Fish out of water tales are well tread comedic ground. Such jokes work in Thor because they are unexpected. Kings are dying, gods are angry, and Earth is in danger. We don’t expect multiple comedic scenes, yet we get ’em.
Setting (3/4)
Thor explains to Jane that her research is on the nose. Existence consists of nine realms. Earth is in one, so are Asgard and Jötunheim, where the Frost Giants live. The non-Earth realms have easy transit amongst each other. All Thor’s people need is Heimdall, the gatekeeper’s, permission and they can go anywhere with ease. Riding horses along the rainbow bridge seems to last longer than transit between Asgard and Earth.
We see a long overhead of Asgard early in the film. Marvel’s Rivendell, the world is a flat disc the size of a metropolitan area. Gravity exists, but how? Not explained. That’s OK. Asgard’s central structure is a pipe-organ inspired palace hundreds of feet tall. Gold is a popular color in Asgard.

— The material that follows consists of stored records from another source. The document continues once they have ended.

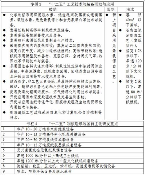 4 、加快淘汰落后產能,減排減污。著力加快解決重點流域和重點區域的造紙工業結構調整和污染問題。現有制漿造紙企業要進一步加大力度淘汰污染嚴重的落后工藝與設備,抓緊技術改造,淘汰年產5.1萬噸以下的化學木漿生產線、單條年產3.4萬噸非木漿生產線和單條年產1萬噸及以下廢紙漿生產線,以及窄幅、低車速、高消耗、低水平造紙機。禁止采用石灰法地池制漿(宣紙除外)、限制新上項目采用元素氯漂白工藝(現有企業逐步淘汰),禁止進口國外落后的二手制漿造紙設備。完善“三廢”治理設施,嚴格控制污染物排放。對經限期治理仍不能達標的企業或生產線要依法整頓或關停。“十二五”期間,繼續實行產業退出機制,調整和明確淘汰標準,量化淘汰指標,加大淘汰力度。新增日處理污水能力300萬噸,淘汰紙及紙板落后產能1000萬噸以上。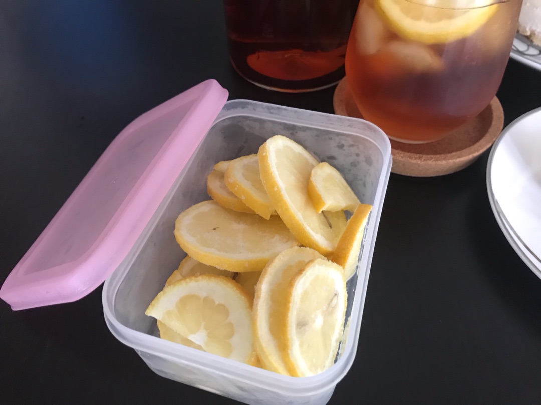 アイスティーの中に入れたレモンは、料理で使ったときに残ったレモンを輪切りにして冷凍ストックしているものです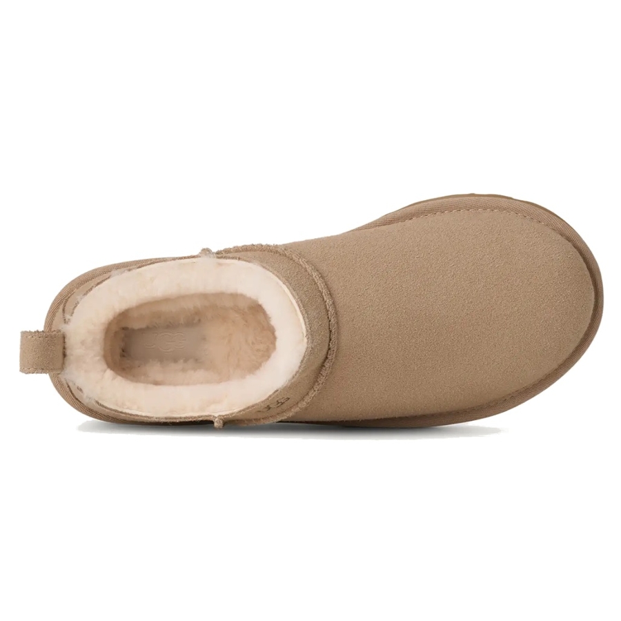 - Our Classic Micro reimagines our fan-favorite Classic Boot with a new, low-profile design (and high-profile comfort). It has a genuine suede upper lined with mega-soft sheepskin that naturally regulates temperature, so you can wear socks -- or not. The lightweight sugarcane EVA outsole delivers effortless support and adds that easy slipper feeling to every out-of-the-house venture.

The Bifrost, the rainbow bridge, sticks in the mind. Shimmering and pulsing rainbow colors connect Asgard to the edge of its realm, where the water falls over the edge and returns…somewhere.
Commentary (0/2)
Thor tells the story of how sexy Asgard warriors make ladies lose their minds. Or, OR, it’s the story of fathers showing favorites and how dangerous that can be. No, wait, Thor‘s about how brothers compete for everything.
Offensiveness (0/-2)
Way to work Idris Elba into Norse mythology.
Others
- The strangest thing about The Destroyer is that no character ever considers its resemblance to Klaatu (the robot from The Day the Earth Stood Still). Prime joke material right there.
Summary (32/68): 47%
Thor is a good start to the Norse god’s story. Branagh wisely keeps the focus on the family drama. Marvel’s universe is vast and full of strange characters that will only get stranger as the movies shift further into space and other realms. Better to keep this origin film grounded.